While Adolf Hitler expressed confidence in the ability of non-German Axis units to protect German flanks, in reality these units relied on largely obsolete equipment and horse-drawn artillery, while in many cases the harsh treatment of enlisted personnel by officers caused poor morale. In regard to mechanization, the First Romanian Armored Division was equipped with around 100 Czech-built R-2 tanks, armed with a 37 mm gun, ineffective against the armor of Soviet T-34 tanks. Similarly, their 37 mm PaK anti-tank guns were also antiquated and they were largely short of ammunition. Only after repeated requests did the Germans send the Romanian units 75 mm PaK guns; six per division. These units were extended over very large sections of front; for example, the Third Romanian Army occupied a line 140 km long, while the Fourth Romanian Army protected a line no less than 270 km long. The Italians and Hungarians were positioned at the Don, west of the Third Romanian Army.
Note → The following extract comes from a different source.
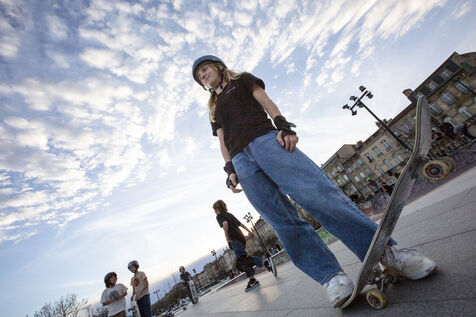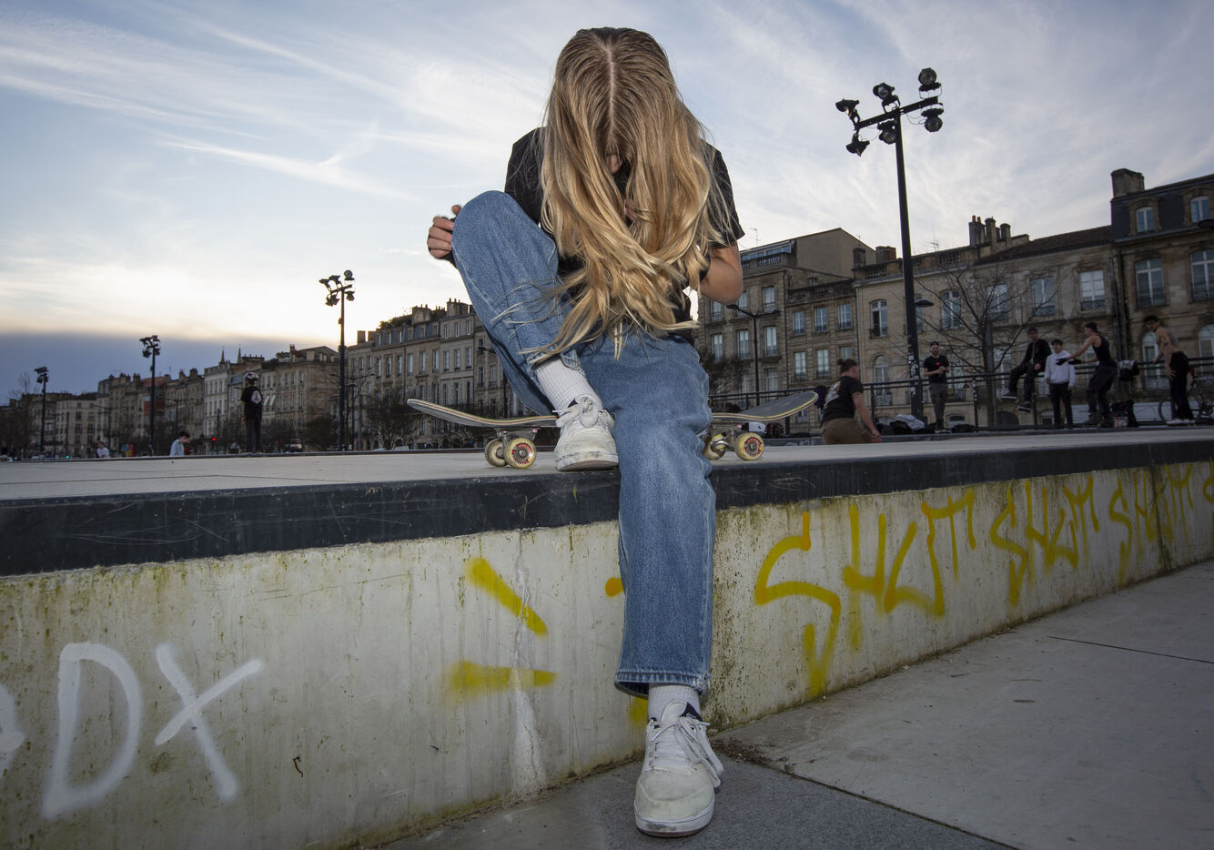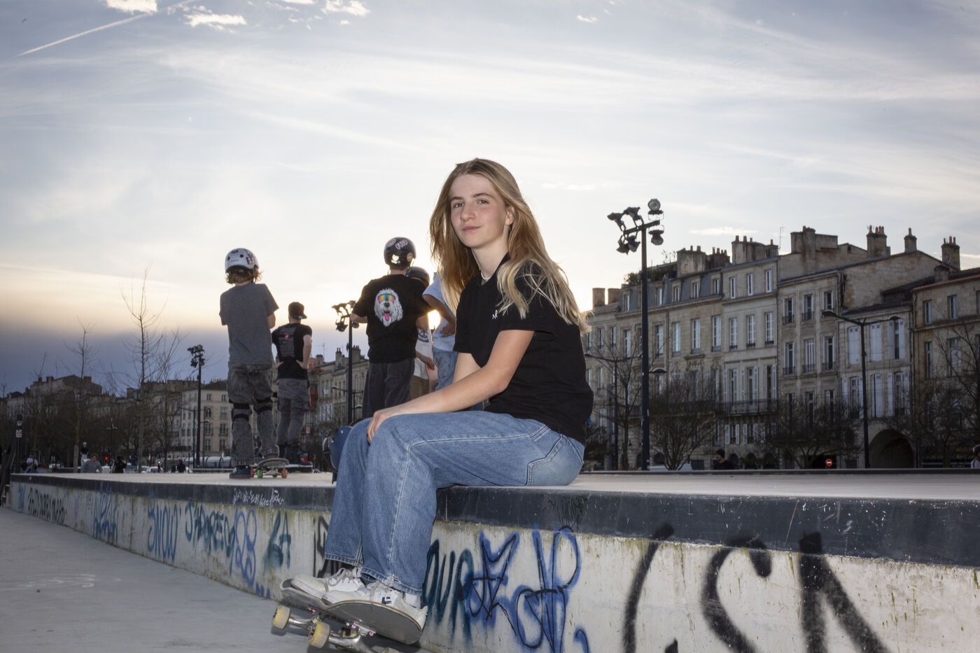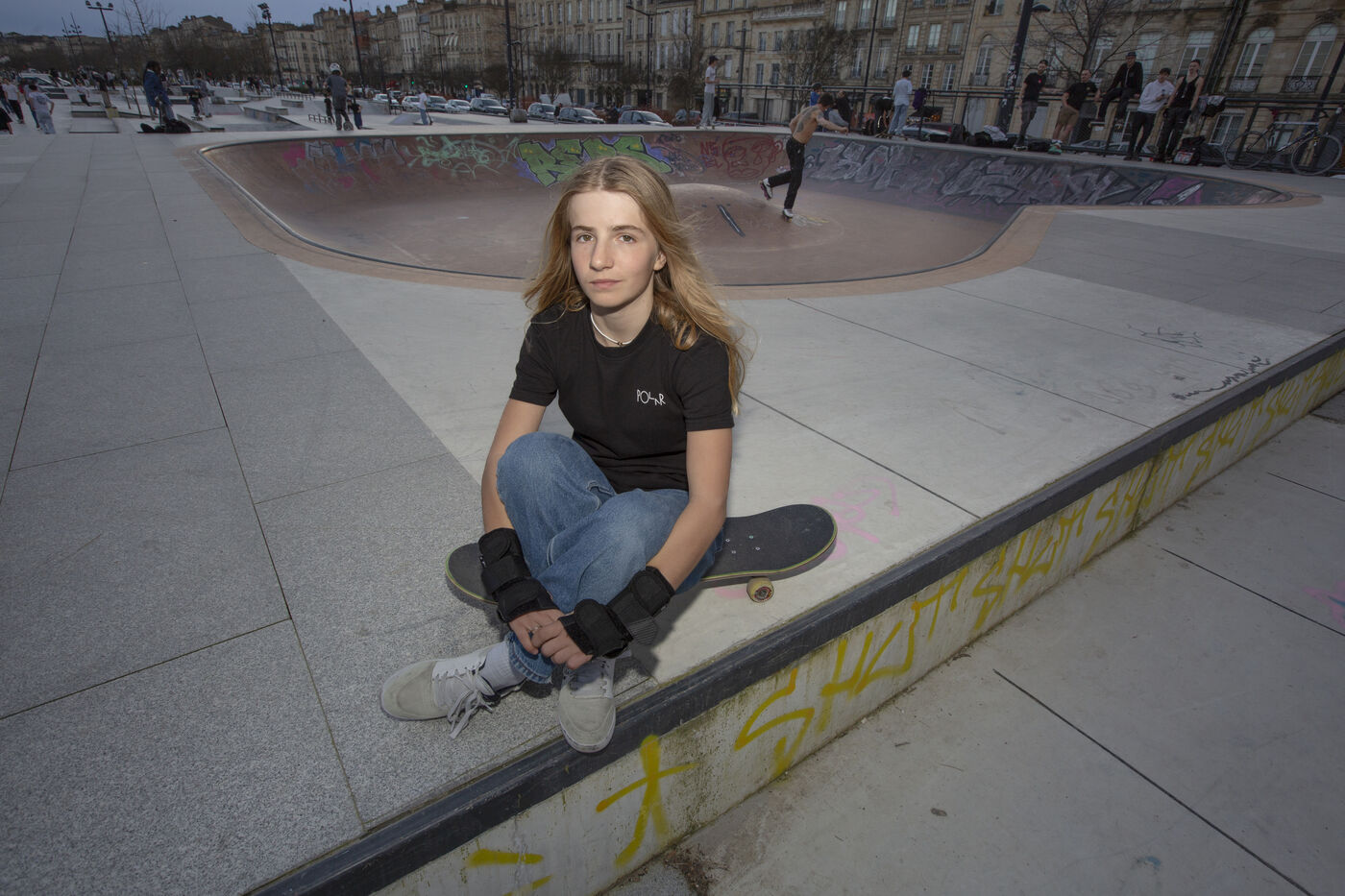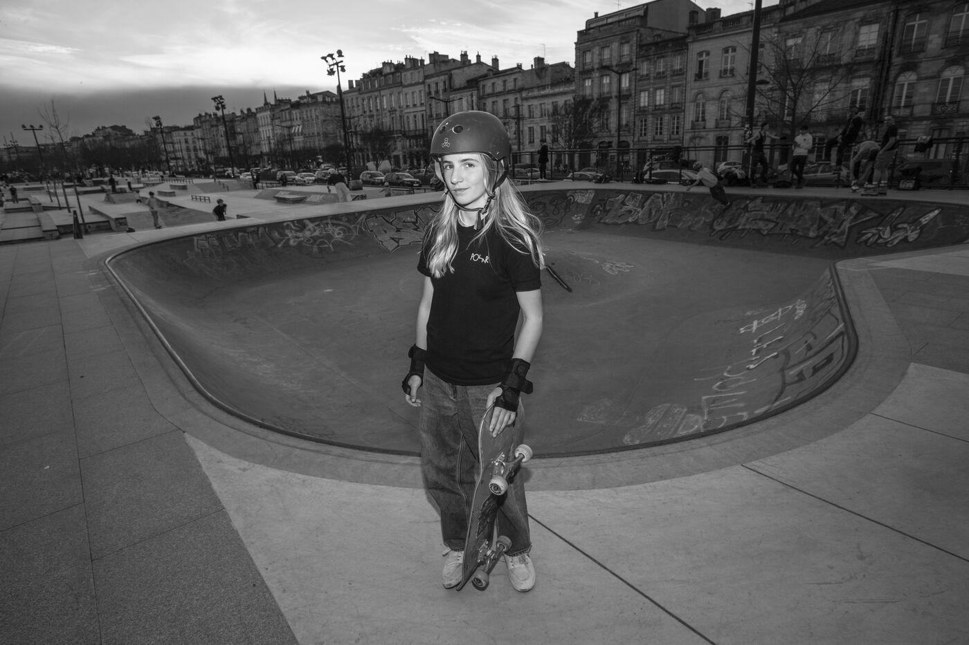 Portrait of Lucie Schoonheere at the Chartrons skatepark, Bordeaux. Lucie is 14 years old and is the French Under-16 Street Skateboard Champion for 2023.

Generally, German forces were in no better shape; they were weakened by months of fighting the Red Army, and, while Stavka raised new armies, the German high command attempted to maintain its existing mechanized units. Furthermore, during the course of the German offensive between May and November 1942, two motorized divisions, the elite Leibstandarte and the Großdeutschland, were redeployed from Army Group A to the West, to provide a mechanized reserve in case of an Allied landing in France. The Sixth Army had also suffered many casualties during the fighting in the city of Stalingrad proper. In some cases, such as that of the 22nd Panzer Division, their equipment was no better than that of the First Romanian Armored Division. German formations were also overextended along large stretches of front; the XI Army Corps, for example, had to defend a front around 100 km long.

===Soviet===
The Red Army allocated an estimated 1,100,000 personnel, 804 tanks, 13,400 artillery pieces and over 1,000 aircraft for the upcoming offensive. Across the Third Romanian Army, the Soviets placed the redeployed 5th Tank Army, as well as the 21st and 65th Armies in order to penetrate and overrun the German flanks. The German southern flank was targeted by the Stalingrad Front's 51st and 57th Armies, led by the 13th and 4th Mechanized Corps; these would punch through the Fourth Romanian Army, in order to link up with the 5th Tank Army near the town of Kalach. In total, the Soviets had amassed 11 armies and various independent tank brigades and corps.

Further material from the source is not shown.